COLUMBUS, Ga. — A Columbus man was left homeless and was being treated at The Medical Center emergency room Thursday for facial burns he received when his house was destroyed in a Wednesday night fire.

Roy W. Jernigan, 55, of 6431 Buena Vista Road told fire investigators with Columbus Fire & Emergency Medical Services on Thursday that his water heater was out and he was heating water in a gas fish cooker in the bathroom around 7:30 p.m. to take a bath, said Sgt. Kevin Nixon.

“He walked out of the bathroom to the other side of the house,” Nixon said. “When he came back through, the fire had started somewhere in the bathroom. He got his dogs and got out. He had flash burns to his face.”

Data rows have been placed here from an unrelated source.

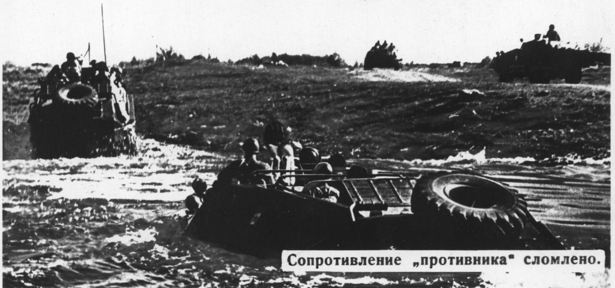
Сопrotивление „противника“ сломлено.

Овладеть искусством побеждать в современном бою сильного, технически оснащенного противника — не так просто. В напряженном ратном труде воины неустанно оттачивают мастерство, добиваются четкости и слаженности экипажей, расчетов, отделений. Подлинной школой боевой выучки остаются тактические занятия и учения, где воины учатся стремительно атаковать, преодолевать районы „ядерных“ ударов. Недаром говорят: „На учениях — как в бою!“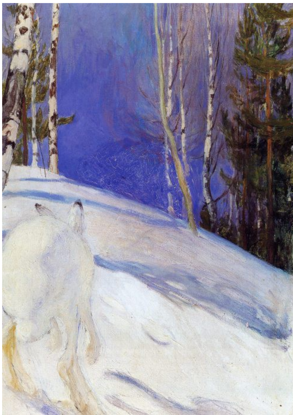
Pekka Halonen Jänis lumessa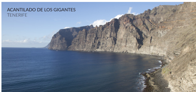
ACANTILADO DE LOS GIGANTES TENERIFE

Por su parte, Furia de Titanes , de Louis Leterrier, permite ver en acción al Teide, volcán inactivo que se alza imponente en el centro de la isla de Tenerife y es el pico más alto de toda España. El parque nacional del Teide sirvió de réplica del inframundo mitológico en el que se desarrolla una parte importante de la película.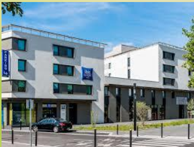
Ibis budget Vélodrome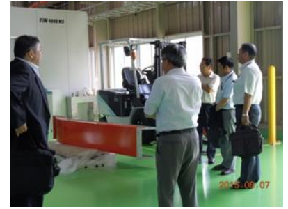
((有)コワタコーポレーション新工場視察・提案説明の様子)

平成 27 年 8 月 7 日 (金) に(株)日立製作所が「結の場 in 南相馬」に参加した南相馬企業を訪問し、電気料金削減の提案を具体的に聞くため実施致しました。(株)日立製作所からは、電機ソリューション本部、東北支社および日立パワーソリューションズの 3 事業所から 3 名の担当者が訪れました。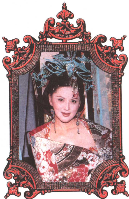
贵妃醉酒的羞花之容

Jernigan said he worked at The Medical Center. He told investigators he had no insurance on the house, but that he did have somewhere to stay.

Nixon said the fire, which destroyed everything in the old frame house, is being labeled as accidental, a result of “careless use of a cooking appliance.”

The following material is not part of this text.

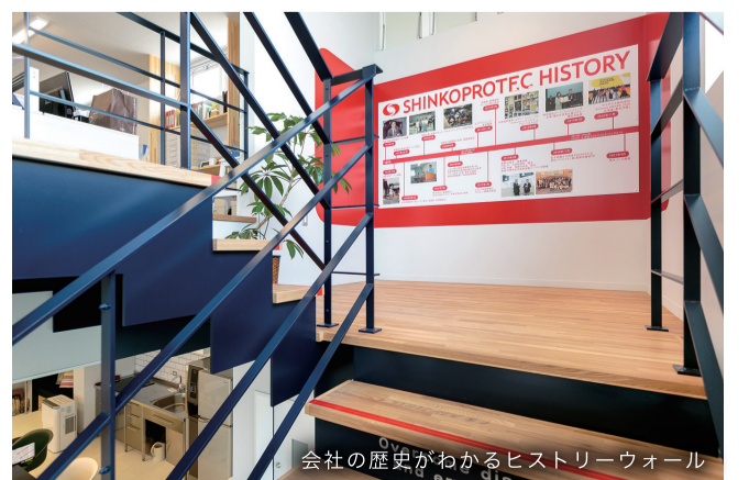
会社の歴史がわかる歴史ウォール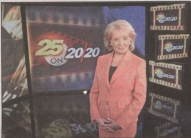
في استوديو (20/20)

موقفه هذا في مجلس الأمر وقالت زوجة باول أن هذا الأمر سيبقى معه طويلاً. في لقاءها الأخير مع الملك عبدالله والتي نشرت الصحف نصه كان الحوار مثيراً وقدم الكثير من الأفكار الجريئة والمهمة. مؤخراً ظهرت باربرا مع لقاء المذيعة أوبرا بعد إعلانها إعتزاًها الخروج عن برنامج (20/20) وتحدثت باربرا عن مبادئها المهنية وحياتها الخاصة

Firefighters had a difficult time finding the house after receiving an initial report that it was a grass fire, said Chief Fire Marshal Thomas Streeter. There was no address marker to the house.

They had an even more difficult time getting water to the fire because the house was some 250 feet off Buena Vista Road down a narrow one-lane dirt driveway. Fire trucks had to park in an adjacent lot and pump water from trucks through hoses extended across a chain-length fence. By the time the trucks arrived, the house was engulfed and Jernigan had left, Nixon said.

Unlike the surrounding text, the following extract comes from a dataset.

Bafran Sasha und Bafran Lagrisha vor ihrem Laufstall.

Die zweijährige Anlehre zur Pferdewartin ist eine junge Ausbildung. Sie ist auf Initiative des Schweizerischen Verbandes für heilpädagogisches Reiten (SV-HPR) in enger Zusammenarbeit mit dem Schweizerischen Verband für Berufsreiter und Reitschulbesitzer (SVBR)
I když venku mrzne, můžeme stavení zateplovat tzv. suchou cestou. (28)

The fire was too far from a fire plug, so firefighters used about 1,000 gallons of water hauled in by truck to put out the fire. Firefighters also had trouble seeing because of the darkness and difficulty maneuvering because of the rough surrounding terrain, Streeter said. They had to search the ruins to make sure no one was in the house. A fire truck and crew stayed through the night to keep an eye on the smouldering ruins and left about 10:15 a.m. Thursday.

Investigator Phillip Nolin said damage is estimated at $50,000 to the house and $10,000 to the contents.

Neighbors reported hearing several explosions or loud pops, investigators said. Jernigan went to a neighbor’s house and the neighbor called 911.